* TASK TO COMPLETE *
Go through the listing that follows and write it out exactly. Drop the pictures.
GIVEN DATA Start Marker
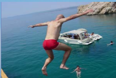
Swimming in most beautiful bays of crystal clear water

We spend the whole day in fresh air and sun. At noon we are anchoring in a bay for swimming. Siesta. After a short exercise unit in the afternoon and followed by dinner and a glass of wine in the port some might seek their bed early.
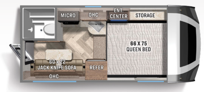
1/2 TON TRUCK W/ 5'6" UP TO 8' BED
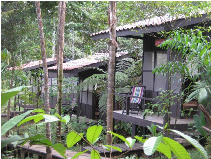
Yatama Eco Lodge is a remote setting with endless opportunities for wildlife exploration. Prepare for endless discovery
GIVEN DATA End Marker
* RESPONSE TO THIS TASK *
Swimming in most beautiful bays of crystal clear water

We spend the whole day in fresh air and sun. At noon we are anchoring in a bay for swimming. Siesta. After a short exercise unit in the afternoon and followed by dinner and a glass of wine in the port some might seek their bed early.
1/2 TON TRUCK W/ 5'6" UP TO 8' BED
Yatama Eco Lodge is a remote setting with endless opportunities for wildlife exploration. Prepare for endless discovery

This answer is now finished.